Telegram, which has more than 100 million monthly active users, enjoys outsize popularity in the Middle East, where U.S. products are often distrusted. According to App Annie, it's the most downloaded communication app on Android devices in Iran, while WhatsApp with its more than 1 billion users comes second. In a way, that's understandable: it wasn't so long ago that Iran tried to ban WhatsApp because of Mark Zuckerberg, calling the chief executive officer of WhatsApp owner Facebook "an American Zionist." To many Iranians, a Russian connection is safer, but that doesn't mean the Iranian government won't go after Telegram as well: Tehran prosecutors have recently filed charges of child pornography and extremist propaganda against Durov. 

To Americans or, for example, to protesters in Hong Kong, the probable compromise of China-based messengers such as WeChat and QQ (the Chinese government being the obvious culprit) is a strong reason not to use them. In 2014, now-impeached South Korean President Park Geun-hye had prosecutors trail the local messenger app, Kakao Talk, for insulting comments about her, inducing a mass migration to Telegram, which promised end-to-end encryption.

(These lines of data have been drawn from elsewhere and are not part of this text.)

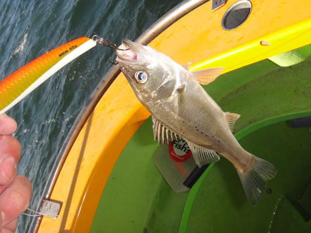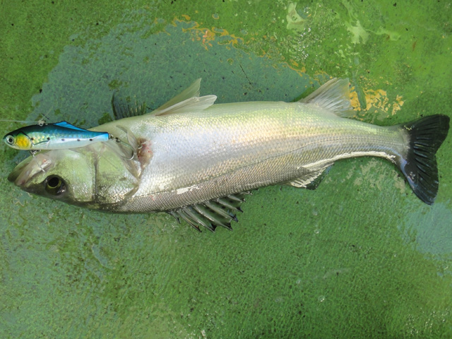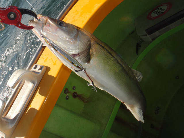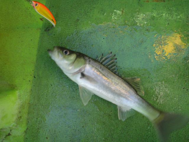 トレブルフックなので、何回かスレがかりするほどの魚影の濃さ。っても、サイズはセイゴクラス。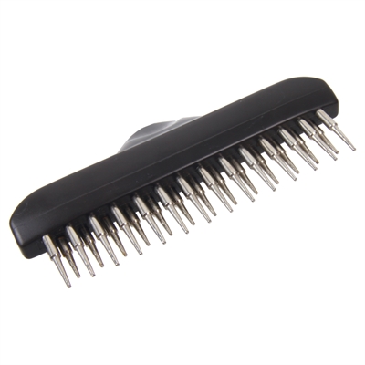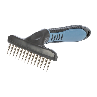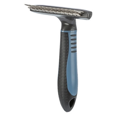 Deze metaalkam is door de dubbele rij vertandingen geschikt voor een nog intensievere verzorging van onderwol van honden met lang haar.
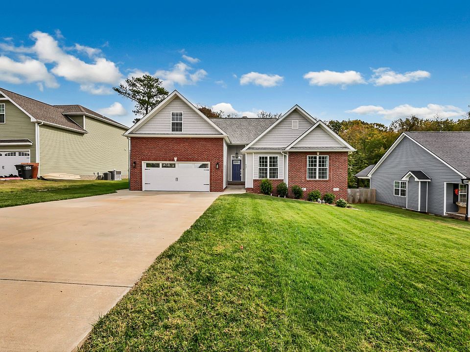 Welcome home to your private retreat on nearly half an acre with no backyard neighbors and a peaceful wooded view! Step inside to a bright entry foyer with tile that opens into an airy living space featuring laminate floors and a cozy gas fireplace. The stylish kitchen steals the show with granite counters, stainless appliances, a pantry, and two-tone cabinetry—classic white on top, bold blue on bottom—for a designer look. Enjoy morning coffee at the breakfast bar or casual meals in the eat-in area overlooking the trees.The primary suite is a true escape with double vanities, an oversized shower, and a walk-in closet. Bedrooms 2 and 3 offer upgraded carpet and ceiling fans for comfort. The 4th bedroom is located upstairs & is currently being used as the crafting space, it includes a half bath, closet, & plenty of space.. Relax or entertain on the covered back deck while soaking in the wooded view, and rest easy with a ventilated crawlspace system. Washer and dryer remain for a move-in ready lifestyle. With a 2-car garage, gas fireplace, and smart layout, this one has it all!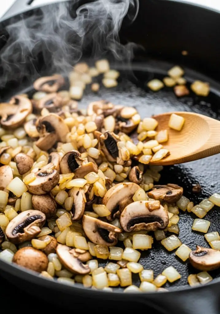 - Cook the Mushrooms: Add the sliced mushrooms to the pan and sauté for about 5 minutes, until they have released their liquid and started to brown.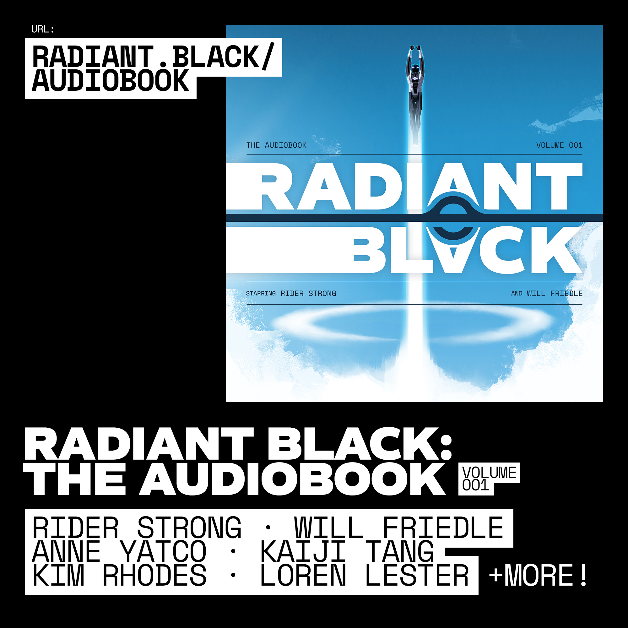 So, for this reason— and some other much cooler reasons, which I’ll get to in a second— I’m excited to announce that we’re also offering RADIANT BLACK: THE AUDIOBOOK: VOLUME ONE ourselves, through our own newly redesigned storefront. And, it’s available for pre-order— DRM free— RIGHT NOW!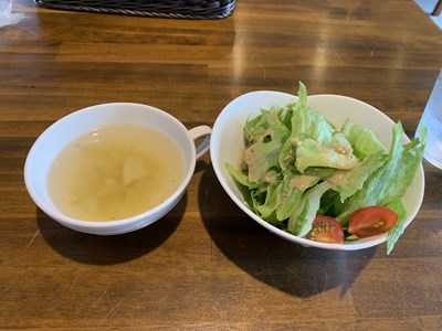 ランチタイムはサラダやライス、スープがセットになるそうです。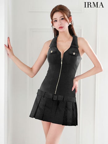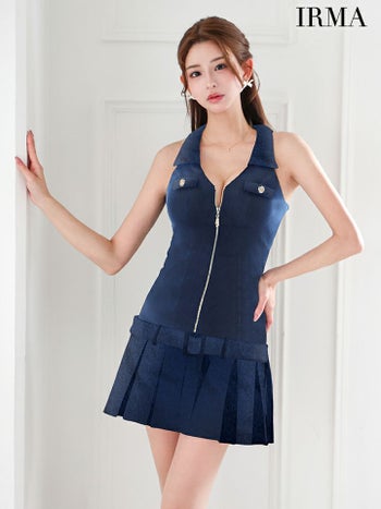 キャバドレス IRMA イルマ ローウエストベルト プリーツ 襟付き ストライプ デニム ジップデザイン ノースリーブ フレアミニドレス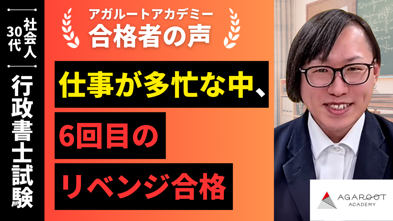 あと2点で合格だったという事実が悔しく、3回目の受験を決めました。またアガルートを利用して受けることを決め、上級コースを受けることにしました。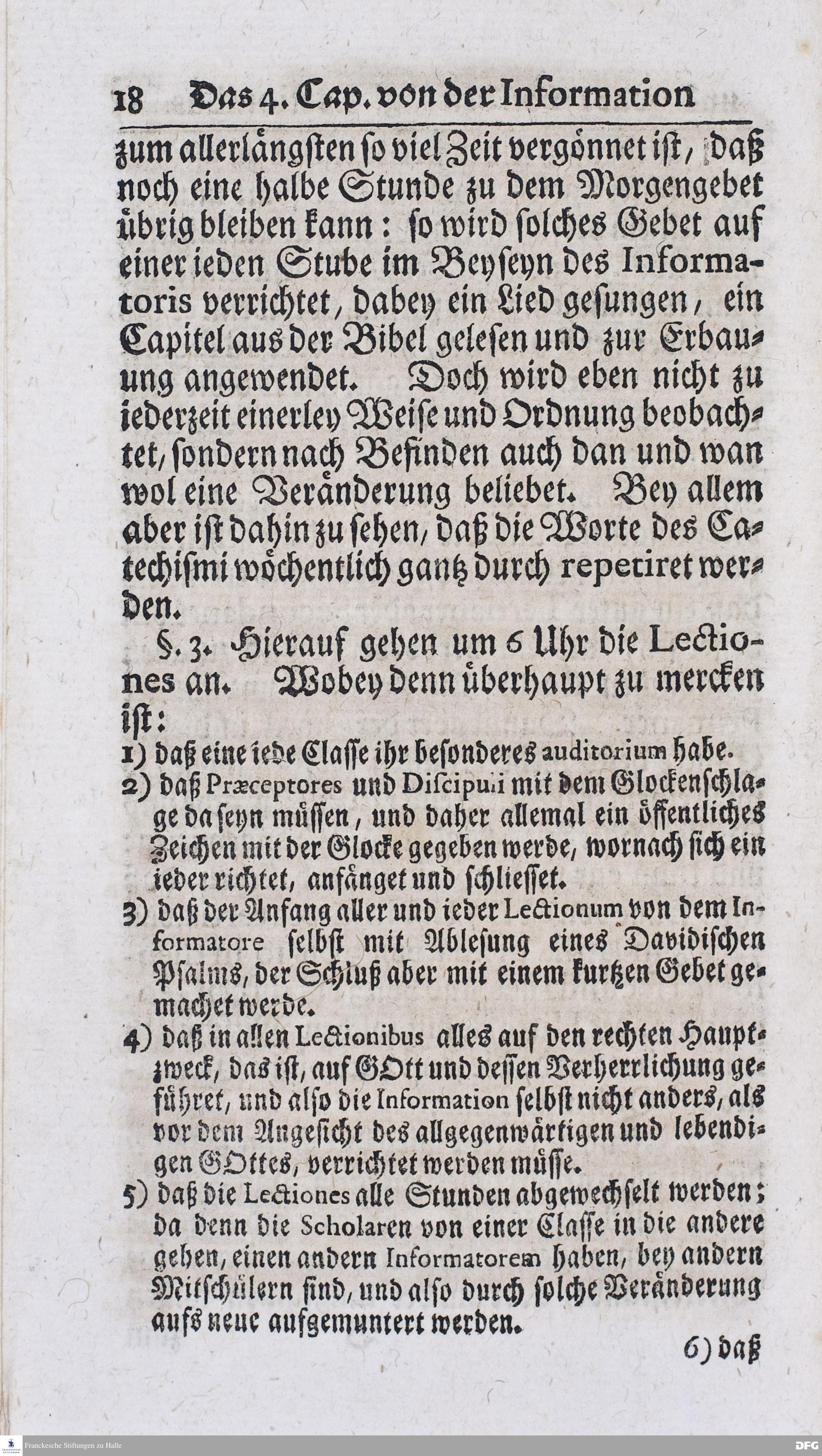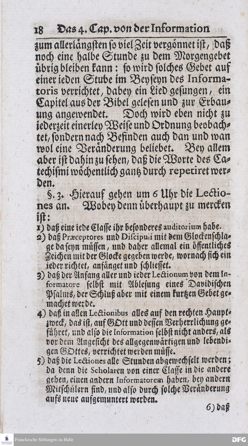 Kurtzer Bericht Von der Gegenwärtigen Verfassung Des PAEDAGOGII REGII Zu Glaucha vor Halle / Zum Dienst derer / Welche Nachfrage zu thun pflegen / Im Druck vorgeleget Von dem DIRECTORE desselben / August Hermann Francken / S.S.Theol.P.P.Ord.Past.Vlric.und Scholarcha. HALLE, Zu finden im Waisenhause, 1720.

In Russia, the encryption promise without either a U.S. or any noticeable local presence has brought Telegram about 10 million users. The messenger's "channel" capability, which allows a user to broadcast content to subscribers, has attracted anonymous commentators with inside knowledge of Russian politics, as well as talented entertainers; the most popular political and entertainment channels have followers in the tens of thousands, and they are widely quoted and discussed in the media. Channel owners sell ads, something Telegram itself doesn't do, and some entrepreneurs have even sold their channels. This phenomenon probably wouldn't have been possible without a perception of safety and neutrality.

People know by now not to put too much of their lives on social networks such as Facebook, Instagram or Twitter. These services are too easy for employers and governments to track; in Russia and other countries with authoritarian regimes, people have been jailed for comments on public social networks. The risks of putting too much on email is obvious to anyone who has followed the U.S. scandals during the 2016 election campaign. Messengers have projected a sense of greater security by claiming they use end-to-end encryption (which doesn't necessarily mean they are much safer) and simply by not putting our interactions out in the open where everyone can read them, the way the social networks do. But the Russian security services' interest in Telegram -- like the WeChat case in China or the U.K. government's persistent attempts to have a backdoor built into WhatsApp -- is a sign that each of these systems is eventually likely to be penetrated. Spy services are persistent, and they have a lot of power to both demand entry and gain entry illegally.

This poses a danger for anyone using messenger apps developed by any corporate entity. These are easy targets for open and covert government pressure anywhere, but especially in authoritarian countries such as Russia. For the highest possible level of privacy and security, an app needs to be open-source and constantly watched over by an engaged, distributed developer community; Signal, the app Snowden recommends, fits that description most closely. For Telegram, the game may well be up soon. 

This column does not necessarily reflect the opinion of the editorial board or Bloomberg LP and its owners.

Leonid Bershidsky is a Bloomberg View columnist. He was the founding editor of the Russian business daily Vedomosti and founded the opinion website Slon.ru.